_Activity_
Restate, word for word and with no pictures, the stretch of lines in the data below that begins at the line with "Corn and Candles" and ends at the line with "电脑鼠标点击计算器管理,右击", inclusive.

━━━ Data shown ━━━

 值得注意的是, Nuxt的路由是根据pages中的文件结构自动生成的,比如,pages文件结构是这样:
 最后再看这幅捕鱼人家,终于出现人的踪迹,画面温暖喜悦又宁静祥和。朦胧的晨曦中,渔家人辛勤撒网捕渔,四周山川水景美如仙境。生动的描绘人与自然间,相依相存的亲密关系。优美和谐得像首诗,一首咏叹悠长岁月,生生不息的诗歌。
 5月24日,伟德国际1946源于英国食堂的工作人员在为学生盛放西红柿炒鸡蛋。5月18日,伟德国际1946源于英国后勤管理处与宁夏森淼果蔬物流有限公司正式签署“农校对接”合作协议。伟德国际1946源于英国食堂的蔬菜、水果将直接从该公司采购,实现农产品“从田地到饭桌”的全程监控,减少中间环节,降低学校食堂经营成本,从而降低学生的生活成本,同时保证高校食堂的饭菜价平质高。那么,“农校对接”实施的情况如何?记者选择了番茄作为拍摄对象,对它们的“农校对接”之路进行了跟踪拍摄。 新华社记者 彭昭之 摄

━━━
━━━ Data shown ━━━

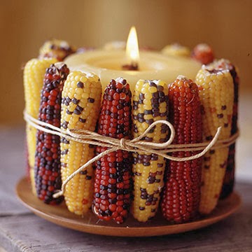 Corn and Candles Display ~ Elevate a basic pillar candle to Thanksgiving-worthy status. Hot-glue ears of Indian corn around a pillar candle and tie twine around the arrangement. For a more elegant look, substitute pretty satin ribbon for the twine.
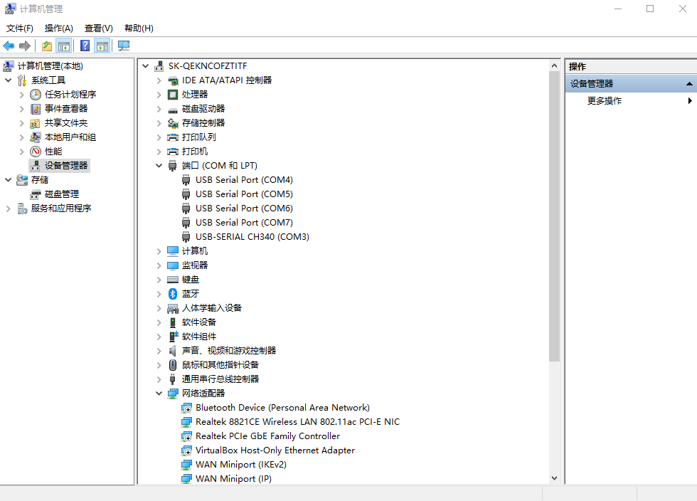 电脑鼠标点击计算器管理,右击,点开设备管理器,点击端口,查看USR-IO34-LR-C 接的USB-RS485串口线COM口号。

━━━

_Answer for this exercise_
 Corn and Candles Display ~ Elevate a basic pillar candle to Thanksgiving-worthy status. Hot-glue ears of Indian corn around a pillar candle and tie twine around the arrangement. For a more elegant look, substitute pretty satin ribbon for the twine.
 电脑鼠标点击计算器管理,右击,点开设备管理器,点击端口,查看USR-IO34-LR-C 接的USB-RS485串口线COM口号。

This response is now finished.